DuBois "asserted that processes of racialization could create unified communities existing in harmony with the national community" (Carby 183)

Pan-Africanism4つの衝動 (St.Clair Drake 184)

  1. mass emigration
  2. expatriation
  3. separatist nationalism
  4. pluralist integration(African American)

 

Afrocentricity6つの限界(Carol Boyce Davies 182)

  1. Eurocentrismを超えられない
  2. マニ教
  3. 自民族中心主義を平板化し鵜呑みにする
  4. 内的差異を抹消する、あるいは(Afrocentric Feminismのような形で)併合する全体化言説
  5. 「アフリカ」がヨーロッパによる構築物である点に無知なため、引き続き同じようにアフリカを捏造し続けてしまう
  6. 現代のアフリカと結びつかない

Every story is a travel story (Michel deCerteau 194)

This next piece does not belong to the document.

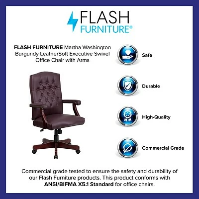 In addition to providing a professional look that’s sure to impress, this Flash Furniture Martha Washington high-back executive chair offers a comfortable place to sit whether you’re working late or performing your daily duties. High-density padding in the seat, back, and arms ensure its coziness, and its high back provides extra support throughout your workday. Adjustable Convenience
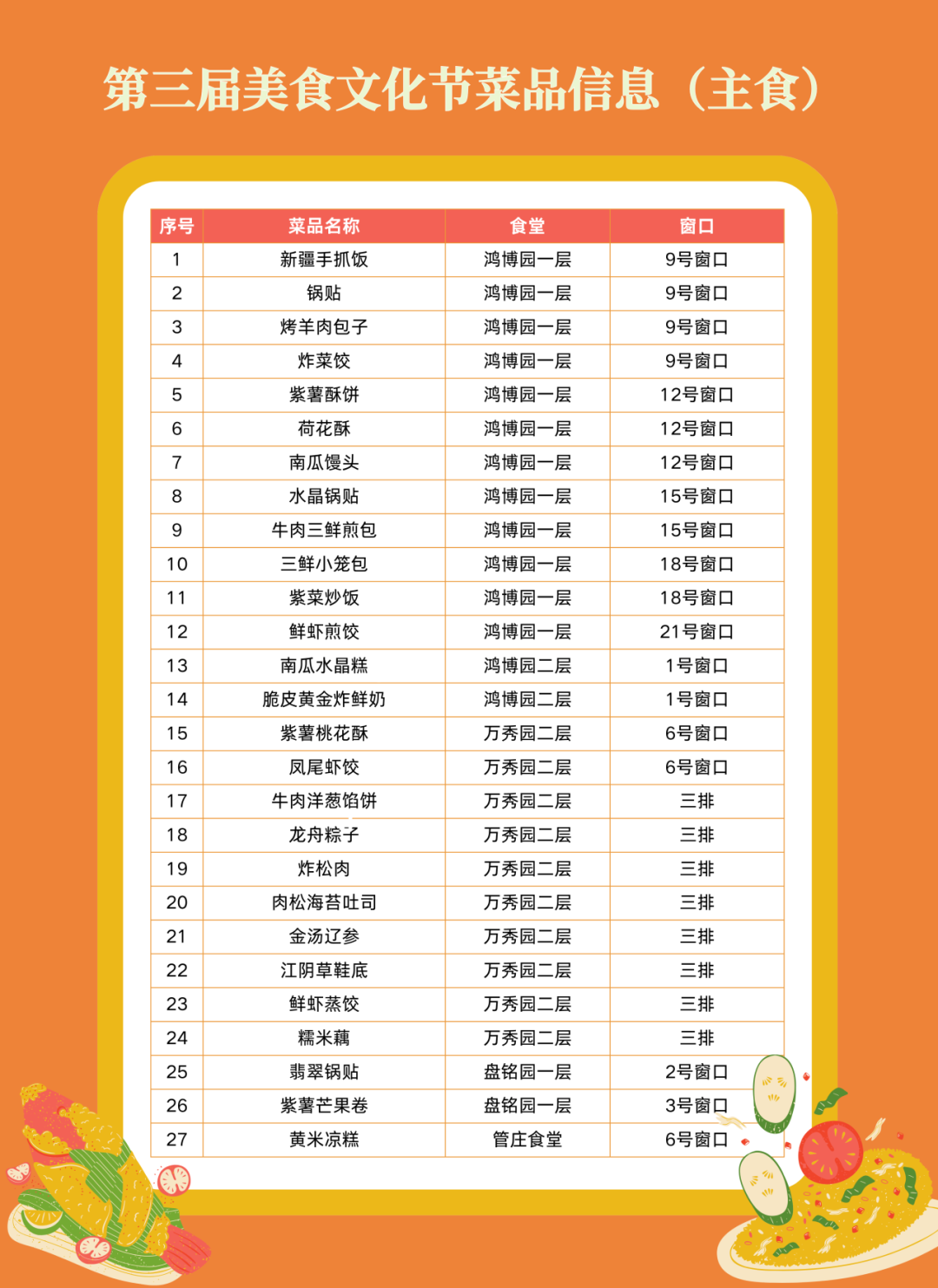 其中主食27道,副食73道

[African diaspora narratives] contitute "spatial trajectories" (deCerteau 1984) that include the counter-invention of Africa as idyllic "homeland"―but one "lost," perhaps forever. (194)

*1:当時。現在はテキサス大学オースティン校のassistant professor→http://www.utexas.edu/research/eureka/faculty/view.php?pid=1705

*2:tacticsはhybridityのところでもう一度使われるが、これとてよっぽど注意深く読んでないと気付かない。assimilationではなくcommunicationの手段(Negritude 179)。